DATA FOR ANALYSIS |
--- START ---

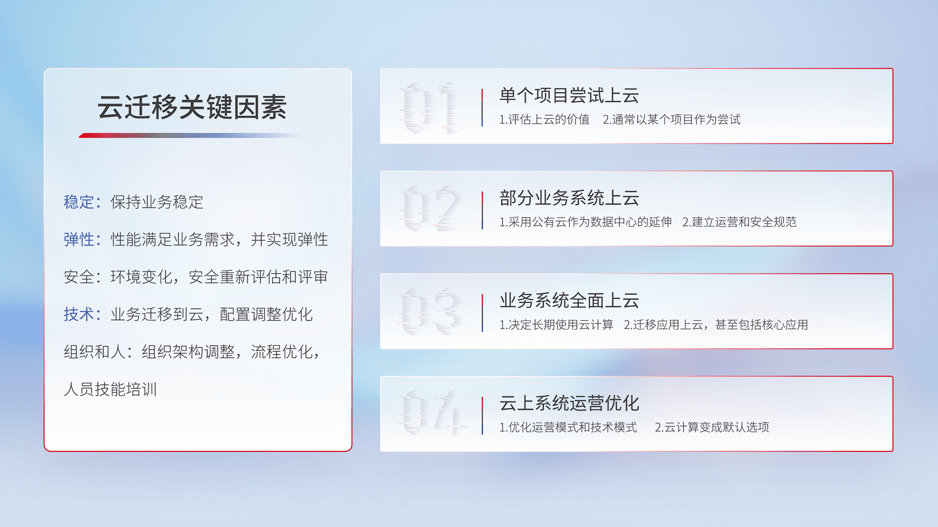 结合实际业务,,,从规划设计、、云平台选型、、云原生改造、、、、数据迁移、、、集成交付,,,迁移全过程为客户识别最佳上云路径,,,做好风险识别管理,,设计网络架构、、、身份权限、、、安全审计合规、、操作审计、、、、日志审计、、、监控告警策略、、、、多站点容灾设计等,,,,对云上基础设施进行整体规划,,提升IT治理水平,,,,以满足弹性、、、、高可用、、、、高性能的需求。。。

--- END ---
--- START ---

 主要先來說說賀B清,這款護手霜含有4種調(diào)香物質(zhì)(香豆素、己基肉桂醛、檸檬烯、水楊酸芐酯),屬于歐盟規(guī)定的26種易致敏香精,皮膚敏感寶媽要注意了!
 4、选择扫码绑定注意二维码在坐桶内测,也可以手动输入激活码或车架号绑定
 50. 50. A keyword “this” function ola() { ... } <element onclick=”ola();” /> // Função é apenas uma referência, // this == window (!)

--- END ---
--- START ---

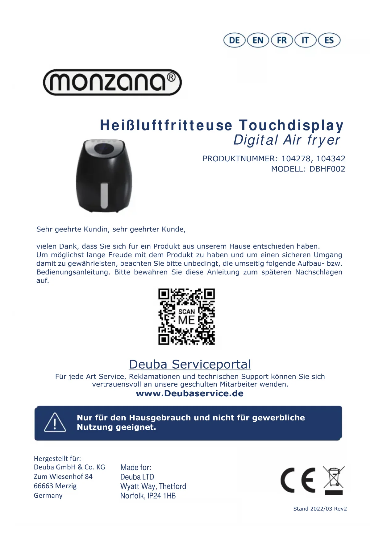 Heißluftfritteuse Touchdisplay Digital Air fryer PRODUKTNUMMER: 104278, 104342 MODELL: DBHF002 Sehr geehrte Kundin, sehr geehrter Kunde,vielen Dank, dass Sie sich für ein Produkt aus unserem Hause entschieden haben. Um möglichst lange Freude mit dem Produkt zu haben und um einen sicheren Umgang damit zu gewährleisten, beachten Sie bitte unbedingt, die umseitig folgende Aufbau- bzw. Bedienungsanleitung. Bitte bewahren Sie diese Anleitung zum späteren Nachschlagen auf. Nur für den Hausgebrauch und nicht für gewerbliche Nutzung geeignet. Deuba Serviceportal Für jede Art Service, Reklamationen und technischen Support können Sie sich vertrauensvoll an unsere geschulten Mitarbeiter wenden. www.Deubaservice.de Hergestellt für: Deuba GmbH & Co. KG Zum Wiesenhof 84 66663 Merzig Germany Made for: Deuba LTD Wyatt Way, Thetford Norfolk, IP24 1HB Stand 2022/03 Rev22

--- END ---

PROBLEM DESCRIPTION | Take the lines above from the one containing "主要先來說說賀B清,這款護手" down to the one containing "50. 50. A keyword", and transcribe them exactly, both ends included.

RESULT OF THIS TASK |
 主要先來說說賀B清,這款護手霜含有4種調(diào)香物質(zhì)(香豆素、己基肉桂醛、檸檬烯、水楊酸芐酯),屬于歐盟規(guī)定的26種易致敏香精,皮膚敏感寶媽要注意了!
 4、选择扫码绑定注意二维码在坐桶内测,也可以手动输入激活码或车架号绑定
 50. 50. A keyword “this” function ola() { ... } <element onclick=”ola();” /> // Função é apenas uma referência, // this == window (!)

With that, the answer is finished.